__Data segment__.
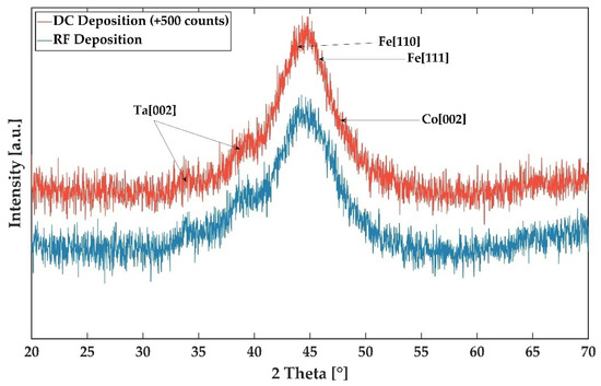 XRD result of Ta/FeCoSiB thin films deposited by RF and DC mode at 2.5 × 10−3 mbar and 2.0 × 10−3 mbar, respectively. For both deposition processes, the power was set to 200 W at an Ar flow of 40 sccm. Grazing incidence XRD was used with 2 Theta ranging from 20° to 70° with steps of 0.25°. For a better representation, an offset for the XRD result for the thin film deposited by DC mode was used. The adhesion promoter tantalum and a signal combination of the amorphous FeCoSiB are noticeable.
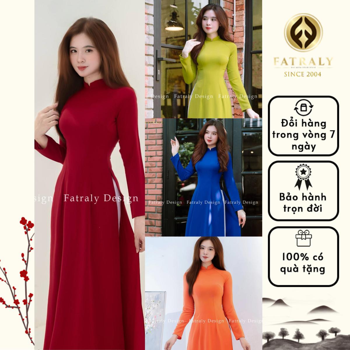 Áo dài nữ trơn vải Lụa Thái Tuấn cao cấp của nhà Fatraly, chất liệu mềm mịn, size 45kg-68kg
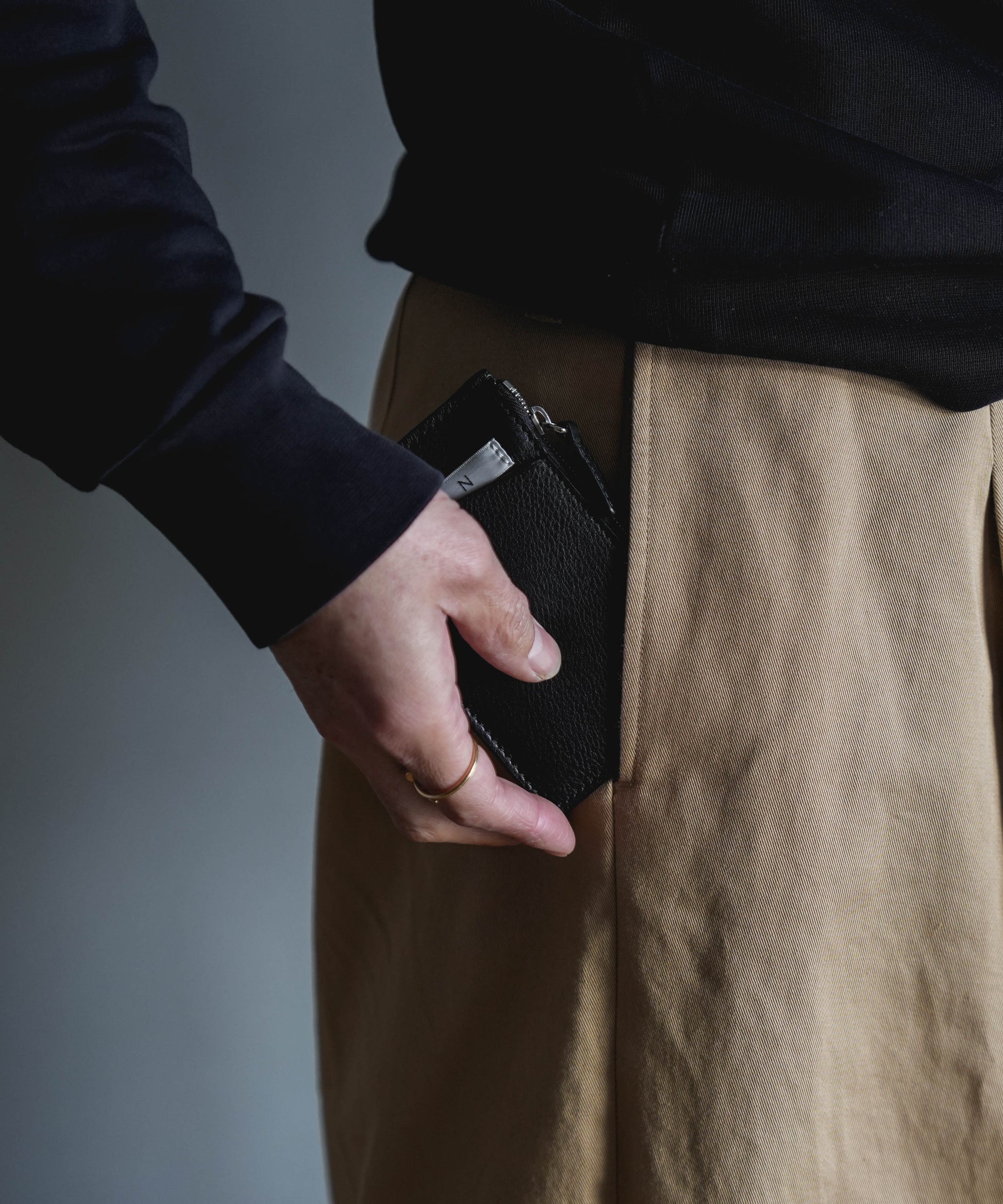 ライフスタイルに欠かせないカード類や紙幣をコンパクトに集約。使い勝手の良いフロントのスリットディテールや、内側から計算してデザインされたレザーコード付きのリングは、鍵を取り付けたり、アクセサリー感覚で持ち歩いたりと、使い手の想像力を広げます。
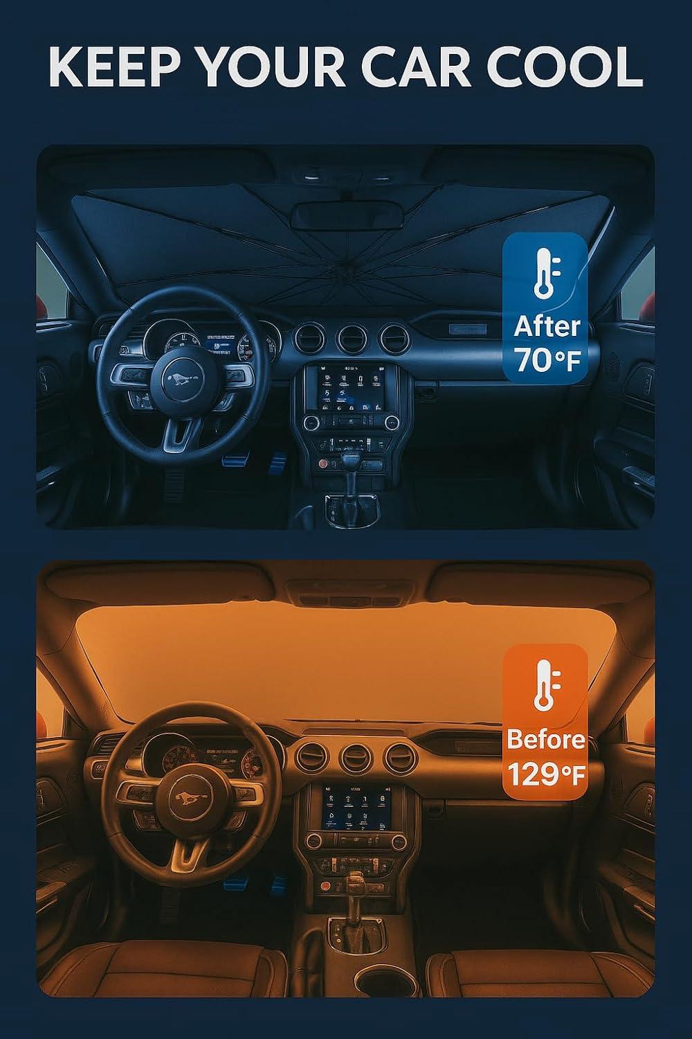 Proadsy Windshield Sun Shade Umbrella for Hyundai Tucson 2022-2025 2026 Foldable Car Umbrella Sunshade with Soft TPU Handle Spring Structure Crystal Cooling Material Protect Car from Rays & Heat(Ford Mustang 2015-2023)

__Task to carry out__. Print the listing exactly, pictures excluded.

__Response__.
 XRD result of Ta/FeCoSiB thin films deposited by RF and DC mode at 2.5 × 10−3 mbar and 2.0 × 10−3 mbar, respectively. For both deposition processes, the power was set to 200 W at an Ar flow of 40 sccm. Grazing incidence XRD was used with 2 Theta ranging from 20° to 70° with steps of 0.25°. For a better representation, an offset for the XRD result for the thin film deposited by DC mode was used. The adhesion promoter tantalum and a signal combination of the amorphous FeCoSiB are noticeable.
 Áo dài nữ trơn vải Lụa Thái Tuấn cao cấp của nhà Fatraly, chất liệu mềm mịn, size 45kg-68kg
 ライフスタイルに欠かせないカード類や紙幣をコンパクトに集約。使い勝手の良いフロントのスリットディテールや、内側から計算してデザインされたレザーコード付きのリングは、鍵を取り付けたり、アクセサリー感覚で持ち歩いたりと、使い手の想像力を広げます。
 Proadsy Windshield Sun Shade Umbrella for Hyundai Tucson 2022-2025 2026 Foldable Car Umbrella Sunshade with Soft TPU Handle Spring Structure Crystal Cooling Material Protect Car from Rays & Heat(Ford Mustang 2015-2023)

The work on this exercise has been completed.